The problem |
For each entry, repeat the text exactly and omit any picture it holds.

Source records:
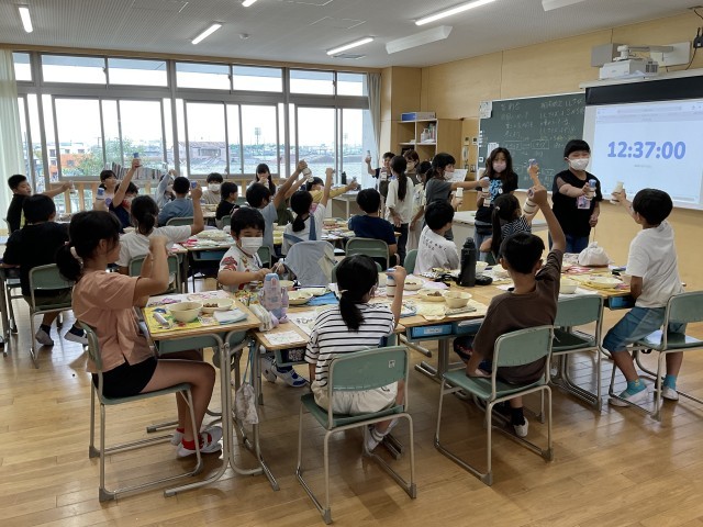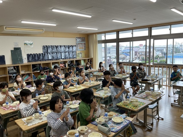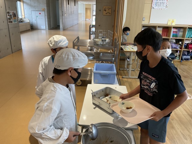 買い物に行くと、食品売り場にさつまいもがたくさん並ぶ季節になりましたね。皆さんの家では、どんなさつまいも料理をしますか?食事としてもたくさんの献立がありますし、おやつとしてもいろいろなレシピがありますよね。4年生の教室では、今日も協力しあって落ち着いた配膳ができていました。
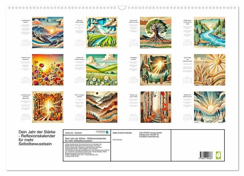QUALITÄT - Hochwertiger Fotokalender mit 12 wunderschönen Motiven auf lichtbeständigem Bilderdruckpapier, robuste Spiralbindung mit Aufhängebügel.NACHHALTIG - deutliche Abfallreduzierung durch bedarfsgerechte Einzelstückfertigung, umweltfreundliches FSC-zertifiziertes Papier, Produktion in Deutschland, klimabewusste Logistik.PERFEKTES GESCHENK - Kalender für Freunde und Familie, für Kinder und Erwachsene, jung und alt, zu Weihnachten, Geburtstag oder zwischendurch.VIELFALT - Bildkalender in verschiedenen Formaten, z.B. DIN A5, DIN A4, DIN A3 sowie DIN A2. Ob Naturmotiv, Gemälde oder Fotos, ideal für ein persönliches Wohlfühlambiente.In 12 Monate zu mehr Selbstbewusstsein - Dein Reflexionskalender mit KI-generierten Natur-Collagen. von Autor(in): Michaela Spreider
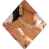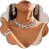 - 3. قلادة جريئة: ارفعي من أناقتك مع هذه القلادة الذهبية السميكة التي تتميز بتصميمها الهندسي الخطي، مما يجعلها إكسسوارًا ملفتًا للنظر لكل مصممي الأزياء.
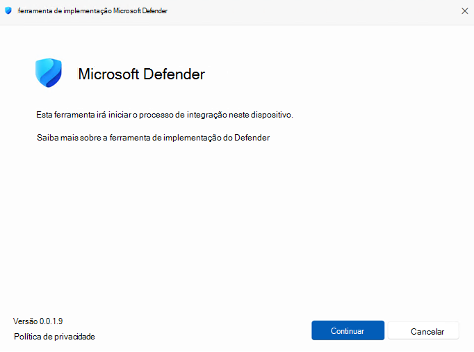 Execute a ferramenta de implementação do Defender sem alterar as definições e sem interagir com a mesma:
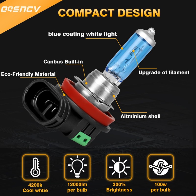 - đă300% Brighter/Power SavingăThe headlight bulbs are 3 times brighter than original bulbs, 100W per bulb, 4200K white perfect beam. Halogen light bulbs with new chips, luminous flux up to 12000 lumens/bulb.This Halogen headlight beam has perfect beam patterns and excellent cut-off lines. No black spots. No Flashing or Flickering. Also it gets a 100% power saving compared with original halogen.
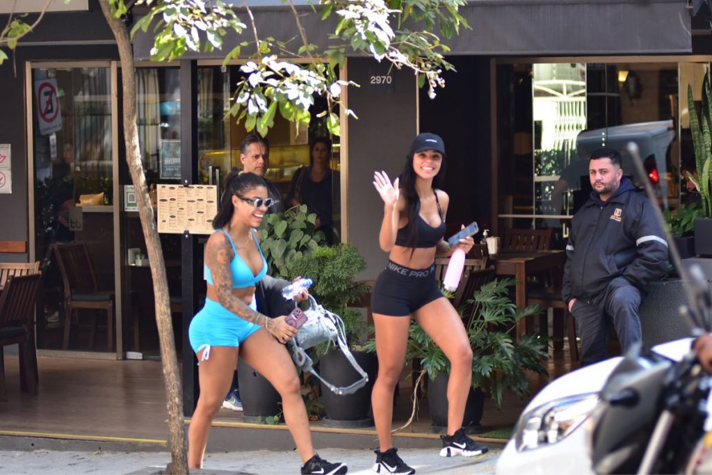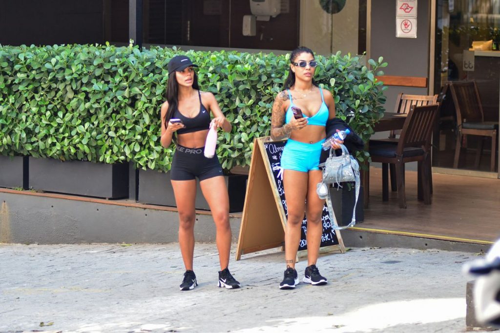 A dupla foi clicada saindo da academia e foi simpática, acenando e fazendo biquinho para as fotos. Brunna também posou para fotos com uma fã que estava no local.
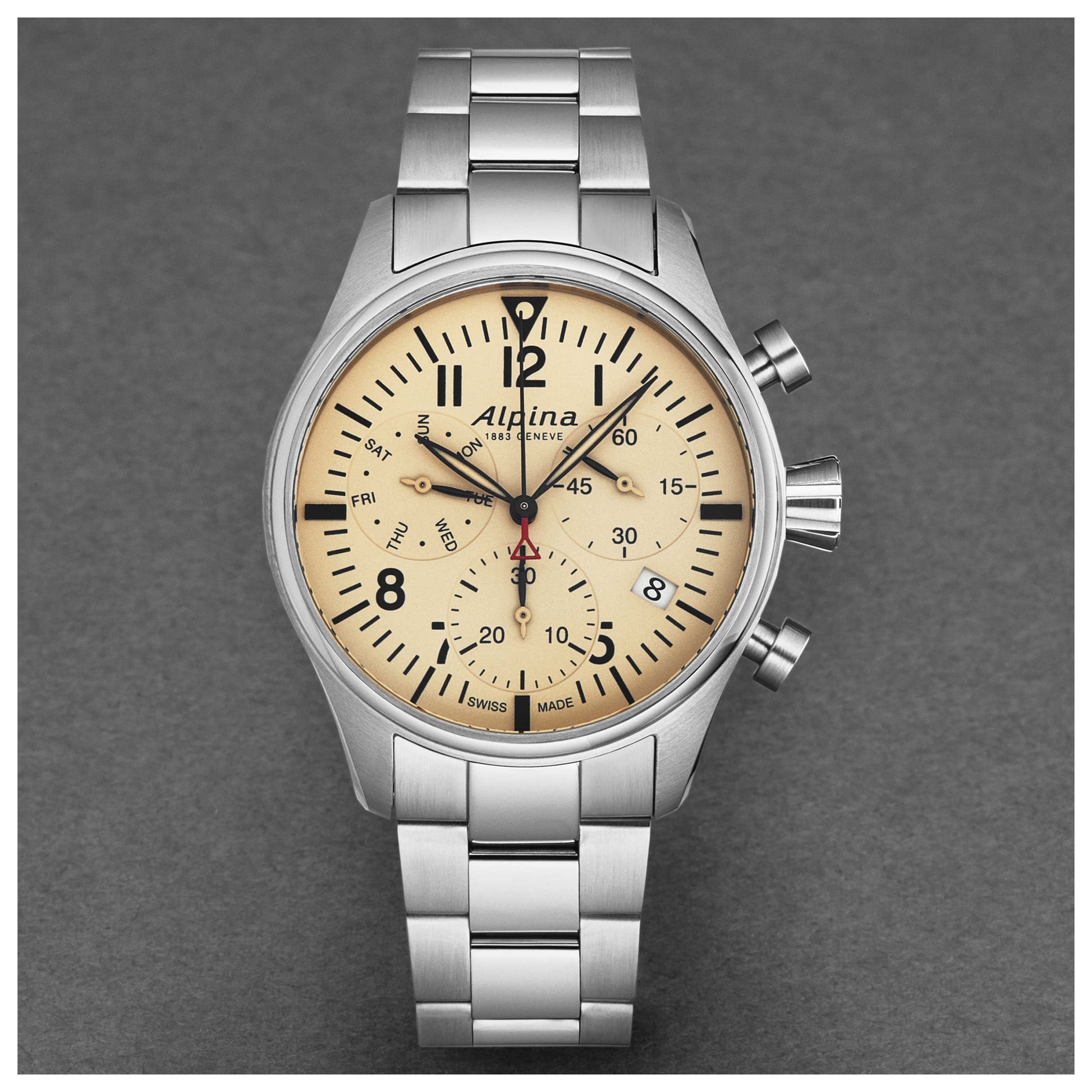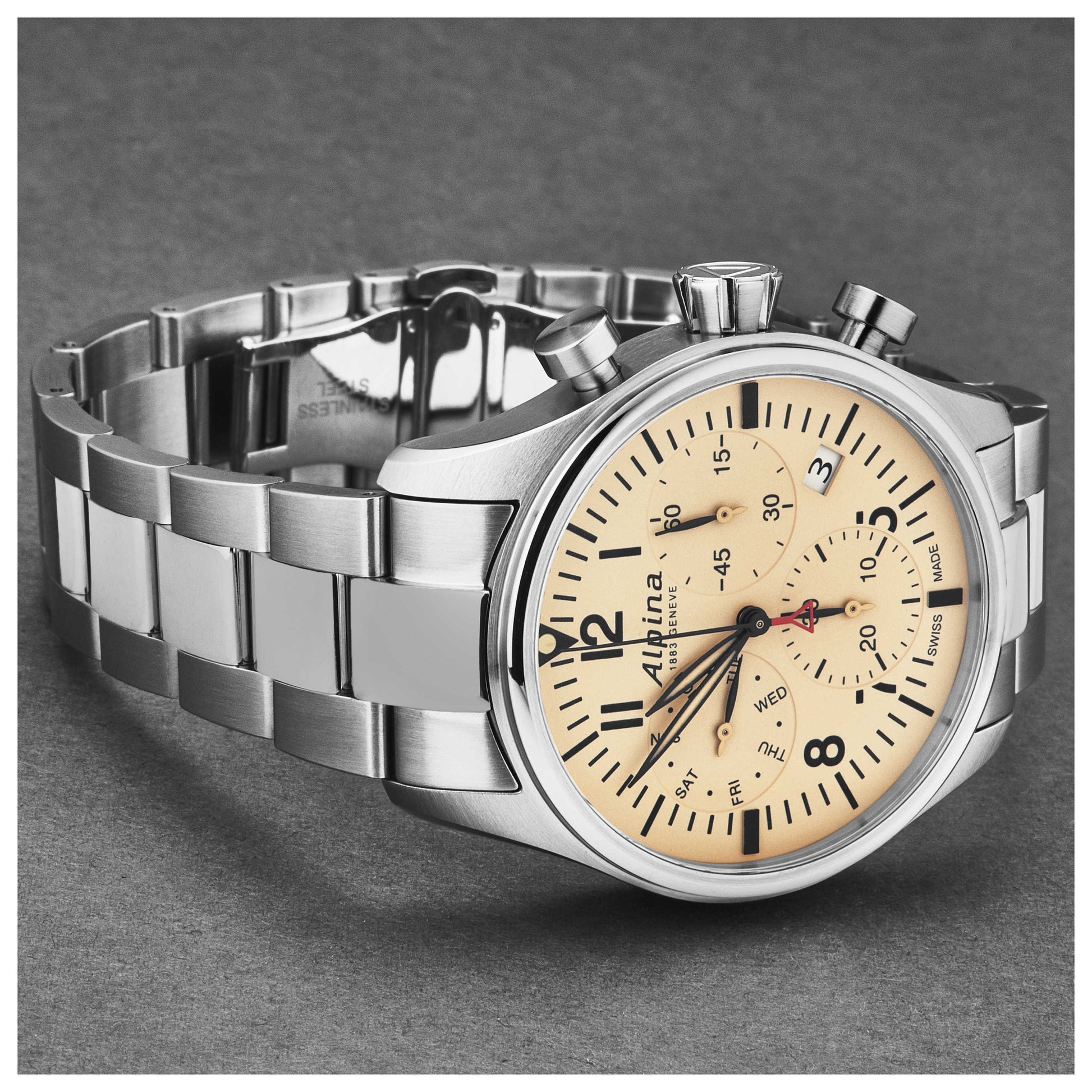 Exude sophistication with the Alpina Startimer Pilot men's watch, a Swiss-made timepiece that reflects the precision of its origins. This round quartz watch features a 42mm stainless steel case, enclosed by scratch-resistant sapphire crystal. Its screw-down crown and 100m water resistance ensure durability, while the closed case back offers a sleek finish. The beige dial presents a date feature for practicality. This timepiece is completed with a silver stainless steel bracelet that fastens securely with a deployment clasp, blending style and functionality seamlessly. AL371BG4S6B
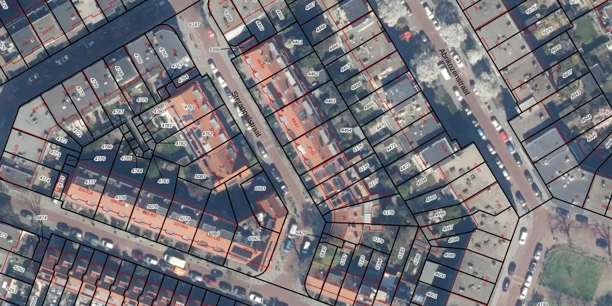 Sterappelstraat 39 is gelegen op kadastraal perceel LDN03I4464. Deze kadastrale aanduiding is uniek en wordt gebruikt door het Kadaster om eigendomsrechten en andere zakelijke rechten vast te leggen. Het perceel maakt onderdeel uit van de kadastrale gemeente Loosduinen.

Answer to the exercise |
 買い物に行くと、食品売り場にさつまいもがたくさん並ぶ季節になりましたね。皆さんの家では、どんなさつまいも料理をしますか?食事としてもたくさんの献立がありますし、おやつとしてもいろいろなレシピがありますよね。4年生の教室では、今日も協力しあって落ち着いた配膳ができていました。
QUALITÄT - Hochwertiger Fotokalender mit 12 wunderschönen Motiven auf lichtbeständigem Bilderdruckpapier, robuste Spiralbindung mit Aufhängebügel.NACHHALTIG - deutliche Abfallreduzierung durch bedarfsgerechte Einzelstückfertigung, umweltfreundliches FSC-zertifiziertes Papier, Produktion in Deutschland, klimabewusste Logistik.PERFEKTES GESCHENK - Kalender für Freunde und Familie, für Kinder und Erwachsene, jung und alt, zu Weihnachten, Geburtstag oder zwischendurch.VIELFALT - Bildkalender in verschiedenen Formaten, z.B. DIN A5, DIN A4, DIN A3 sowie DIN A2. Ob Naturmotiv, Gemälde oder Fotos, ideal für ein persönliches Wohlfühlambiente.In 12 Monate zu mehr Selbstbewusstsein - Dein Reflexionskalender mit KI-generierten Natur-Collagen. von Autor(in): Michaela Spreider
 - 3. قلادة جريئة: ارفعي من أناقتك مع هذه القلادة الذهبية السميكة التي تتميز بتصميمها الهندسي الخطي، مما يجعلها إكسسوارًا ملفتًا للنظر لكل مصممي الأزياء.
 Execute a ferramenta de implementação do Defender sem alterar as definições e sem interagir com a mesma:
 - đă300% Brighter/Power SavingăThe headlight bulbs are 3 times brighter than original bulbs, 100W per bulb, 4200K white perfect beam. Halogen light bulbs with new chips, luminous flux up to 12000 lumens/bulb.This Halogen headlight beam has perfect beam patterns and excellent cut-off lines. No black spots. No Flashing or Flickering. Also it gets a 100% power saving compared with original halogen.
 A dupla foi clicada saindo da academia e foi simpática, acenando e fazendo biquinho para as fotos. Brunna também posou para fotos com uma fã que estava no local.
 Exude sophistication with the Alpina Startimer Pilot men's watch, a Swiss-made timepiece that reflects the precision of its origins. This round quartz watch features a 42mm stainless steel case, enclosed by scratch-resistant sapphire crystal. Its screw-down crown and 100m water resistance ensure durability, while the closed case back offers a sleek finish. The beige dial presents a date feature for practicality. This timepiece is completed with a silver stainless steel bracelet that fastens securely with a deployment clasp, blending style and functionality seamlessly. AL371BG4S6B
 Sterappelstraat 39 is gelegen op kadastraal perceel LDN03I4464. Deze kadastrale aanduiding is uniek en wordt gebruikt door het Kadaster om eigendomsrechten en andere zakelijke rechten vast te leggen. Het perceel maakt onderdeel uit van de kadastrale gemeente Loosduinen.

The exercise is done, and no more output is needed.